FOR IMMEDIATE RELEASE - March 22, 2009

Contact: Lara Bank, info@seandspace.org; Roger Dickes, rdickes@glendale.edu

Let the Trees Decide

March 28th – May 2nd, 2009

Opening: Saturday, April 4th, 6-9pm

Artists: Frank Chang, Amy Green, Peter Kim, Sung Tae Kim, Patrick Marcoux, Jill Newman, Marjam Oskoui, John Rosewall

Organized by Roger Dickes and Lara Bank.

 

This show is as much about the imminence of spring as anything else.

The planning of ‘Let the Trees Decide’ began and continues forward as an open discussion about the viability of the title itself. Of concern in early discussions about this exhibition was the lack of knowledge whether trees experience cognition and the potential absurdity of asking plants to offer advice. Also troubling about the title was its implication that human decisions suffer inherent flaws, or that humanity might be in need of rescue from an inevitable apocalypse. In the absence of any framework for research into these matters, curators Lara Bank and Roger Dickes entertained the perhaps repressed notion that plants are conscious and that plant consciousness is sometimes or always rational and loving.

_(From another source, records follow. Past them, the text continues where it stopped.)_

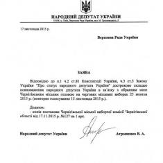 Атрошенко написал заявление о сложении полномочий нардепа
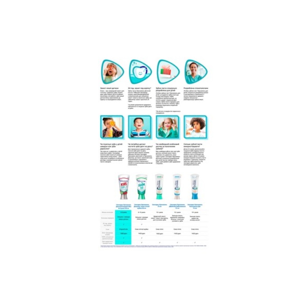 для молочних зубів; для профілактики карієсу; для щоденного догляду
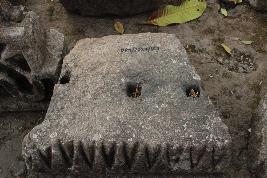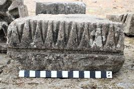 | Description / विवरण | A square shaped stone block with three soket on its top has carvings of a number of nine sharp pointed triangles from top to middle part of the fragment in a row. It also has a sunken relief plain strip line carved out of the stone block. |
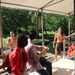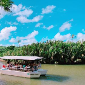 初めてリバークルーズに参加しました。初めは正直あまり期待をしていなかったのですが、参加してみたら意外と面白いツアーであっという間に半日が過ぎてしまいました。船の中でスタッフの方々があれこれ楽しませてくれたし、ヤシの葉細工をプレゼントしてくださいました。チャモロ村に行ってからも、火起こしのデモンストレーションやヤシの実割り体験、水牛に乗る体験をさせてもらいました。昔のチャモロ人の家やラッテストーンなど古代遺跡や伝統文化にも触れることができたし、熱帯植物も楽しめました。昼食のバーベキューはお肉はまあまあ美味しかったのですが、ご飯がちょっと。。かき氷も期待はずれでした。
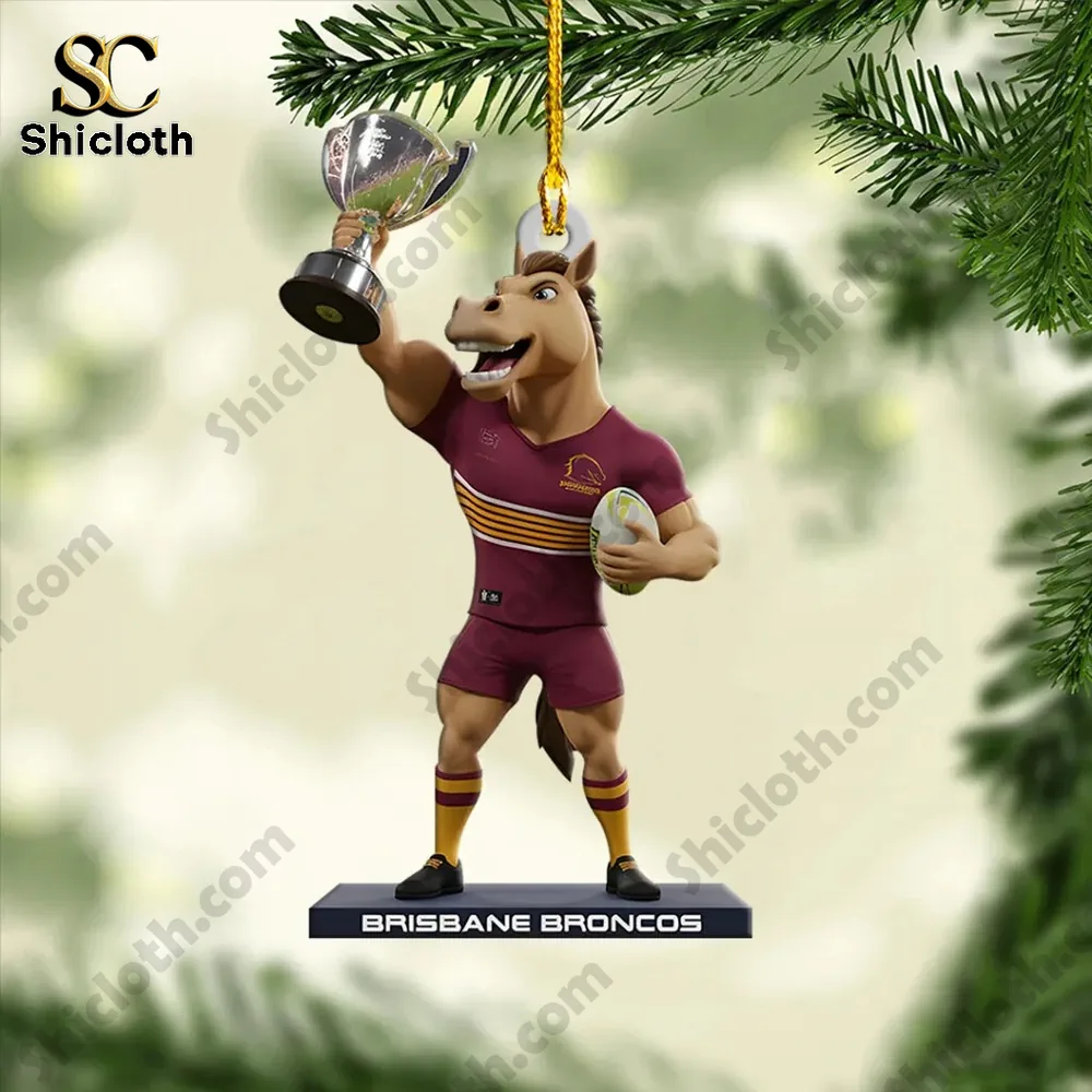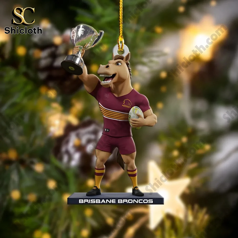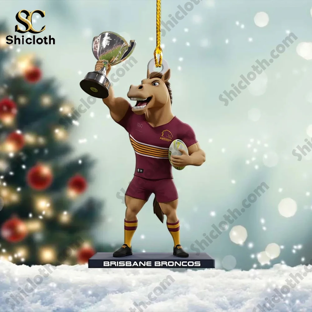 This ornament depicts the Brisbane Broncos mascot, Buck the Bronco, in his maroon and gold playing kit, triumphantly hoisting the premiership cup high above his head while clutching a rugby ball in his other hand. The colors are bright and vivid, thanks to the single-sided, high-resolution UV printing used on the product. Every tiny detail is sharp, from the club logo on his jersey to the laces on the ball. The figure stands on a base that clearly reads “BRISBANE BRONCOS”. It’s crafted from top-tier acrylic material which gives it a substantial, high-end feel, especially with its generous 1.5cm thickness. It comes ready to hang with a gold string, making it easy to display on a tree, in your car, or anywhere else you want to show your support.
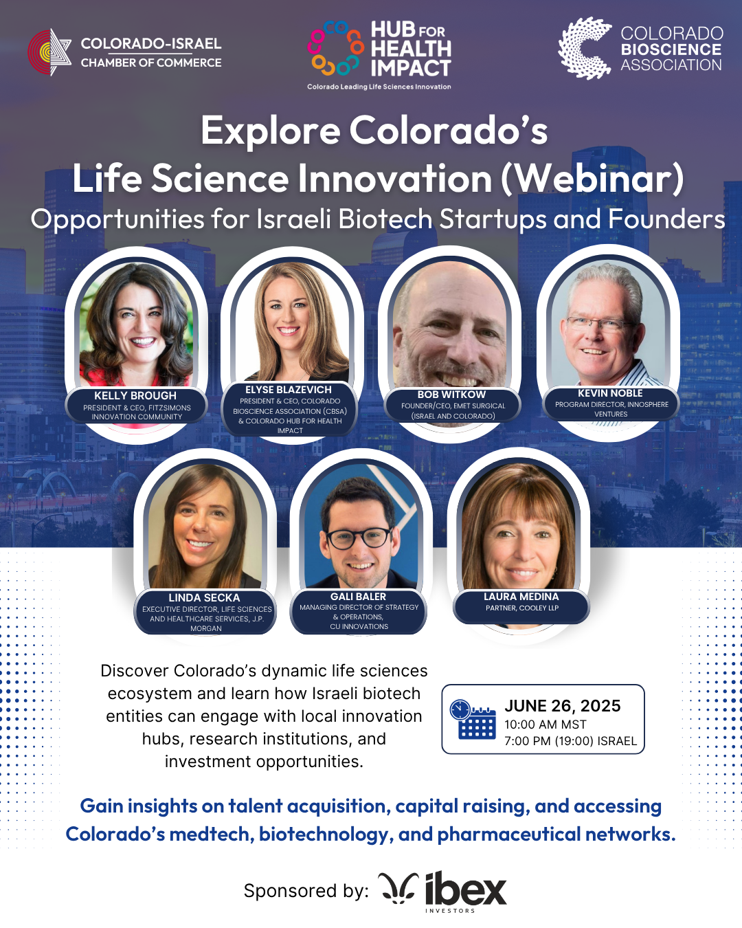 The webinar will feature leading voices from innovation hubs, healthtech founders working between Colorado and Israel, academic institutions, and startup accelerators, including:
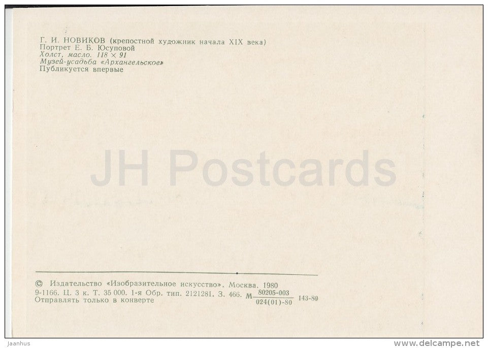 painting by G. Novikov - Portrait of Y. Yusupova - woman - Russian art - Russia USSR - 1980 - unused
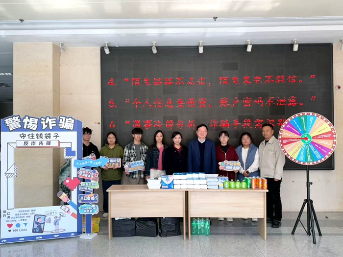 10月29日上午,学院学生安全教育委员化身“反诈宣传员”,通过查看反诈APP、现场讲解等多种形式,向同学们普及常见的电信网络诈骗手段和防范技巧。活动还设置了趣味问答环节,同学们积极参与,踊跃答题,在轻松愉快的氛围中学习反诈知识。周典、余皖婉在现场与同学们互动,并为他们赠送答题小礼品。
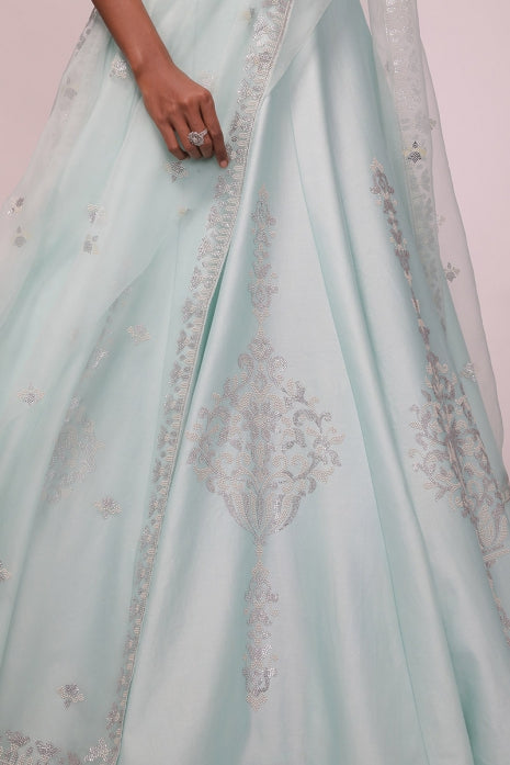 Azure Blossom Mint Lehenga
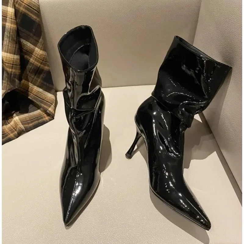 LBSFY -Street Style Thin High Heels Ankle Boots Women Patent Leather Autumn Winter Zipper Shoes Sexy Banquet Prom Pumps

Beyond this, artwork was selected to clarify and expand ways in which the title could be dramatized, if taken as a celebration of plants or as a partial rejection of human choice. Works by Jill Newman (painting, watercolor), Peter Kim (painting), Patrick Marcoux (sculpture), and Sung Tae Kim (installation) vibrantly render flora in various phases, as defiant, outcast, endangered, or not-so-plainly alive. Works by Frank Chang (drawing), Amy Green (painting), John Rosewall (photogram), and Marjam Oskoui (painting), engage the phenomenon of decision-making itself, resulting from labor at its fringes, embodying the chance interplay between specific qualities.

It is the hope of the curators that ‘Let the Trees Decide’ makes visible the fragility of the categories established by its title, so that works within the show that begin through a depiction of nature will be seen in terms of choice, and that works within the show that address the concept of decision will evoke a sense of the natural.